Given material:
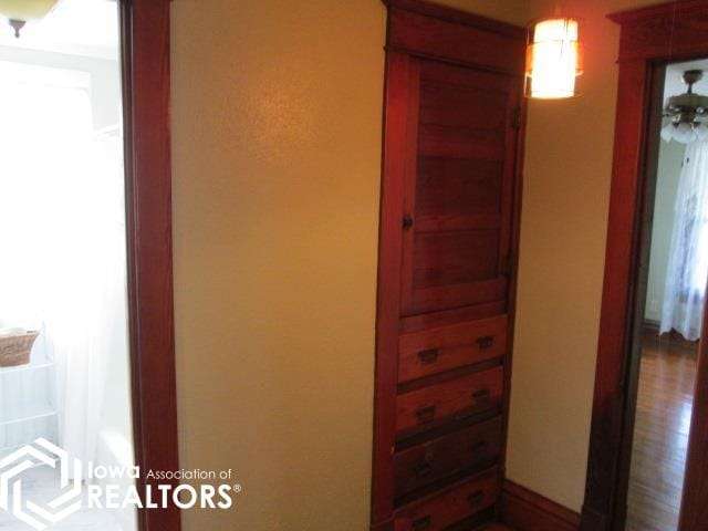 Turn of the century craftsman style brought in to 2025 very professionally. Hardwood floors were sanded, stained, and finished with complementary area rugs in living room and dining room. Rooms are split with beautiful colonnades. Dinning room has a large built in hutch. Kitchen has lots of cabinets, island with new electric stove, refrigerator, freezer, washer and dryer all stay. Owner will leave all lace window coverings as well. Hall features built in cabinets and drawers for storage. Outside, open front porch, nicely manicured lawn. 2.5 car garage and yard shed. Extra long yard gives you additional space with apple trees and garden space. Yard has solar clothes dryer (Clothesline)! All and all a home you will enjoy for a long time! Call today for a showing.
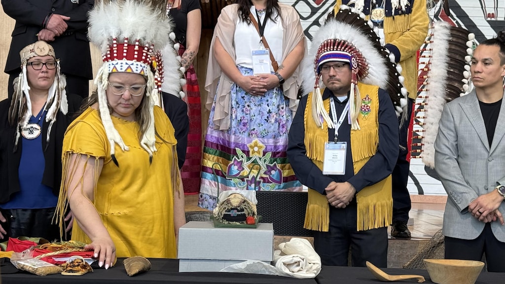 Varios dignatarios y líderes indígenas, incluida Cindy Woodhouse Nepinak, participaron en la presentación de objetos sagrados repatriados del Vaticano a principios de este invierno.
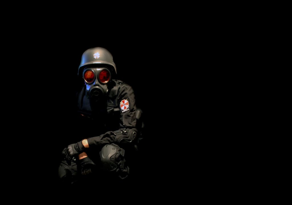 There was a strange yet somehow familiar symbol with alternating red and white inverted triangles on the driver side door and the hood. It looked a bit like the symbol for radiation but different somehow. I knew that symbol, I had seen it before, my mind reeled trying to recall where. Then I noticed the words just below it, ‘Umbrella Corporation’ . Suddenly I had it, Resident Evil, of course. I continued to stare and began to notice more strangeness about the truck, it was newish but painted all black, attached to the back was a small trailer filled with wood, firewood I imagined as it was chopped into smallish pieces and stacked exactly as fire wood would be. The longer I looked, the more it seemed to be a military style vehicle, but the kind used mainly for civilian activities. It looked like something straight out of a video game.

Work task: Repeat the material above in full and unchanged, minus its images.

Output below:
 Turn of the century craftsman style brought in to 2025 very professionally. Hardwood floors were sanded, stained, and finished with complementary area rugs in living room and dining room. Rooms are split with beautiful colonnades. Dinning room has a large built in hutch. Kitchen has lots of cabinets, island with new electric stove, refrigerator, freezer, washer and dryer all stay. Owner will leave all lace window coverings as well. Hall features built in cabinets and drawers for storage. Outside, open front porch, nicely manicured lawn. 2.5 car garage and yard shed. Extra long yard gives you additional space with apple trees and garden space. Yard has solar clothes dryer (Clothesline)! All and all a home you will enjoy for a long time! Call today for a showing.
 Varios dignatarios y líderes indígenas, incluida Cindy Woodhouse Nepinak, participaron en la presentación de objetos sagrados repatriados del Vaticano a principios de este invierno.
 There was a strange yet somehow familiar symbol with alternating red and white inverted triangles on the driver side door and the hood. It looked a bit like the symbol for radiation but different somehow. I knew that symbol, I had seen it before, my mind reeled trying to recall where. Then I noticed the words just below it, ‘Umbrella Corporation’ . Suddenly I had it, Resident Evil, of course. I continued to stare and began to notice more strangeness about the truck, it was newish but painted all black, attached to the back was a small trailer filled with wood, firewood I imagined as it was chopped into smallish pieces and stacked exactly as fire wood would be. The longer I looked, the more it seemed to be a military style vehicle, but the kind used mainly for civilian activities. It looked like something straight out of a video game.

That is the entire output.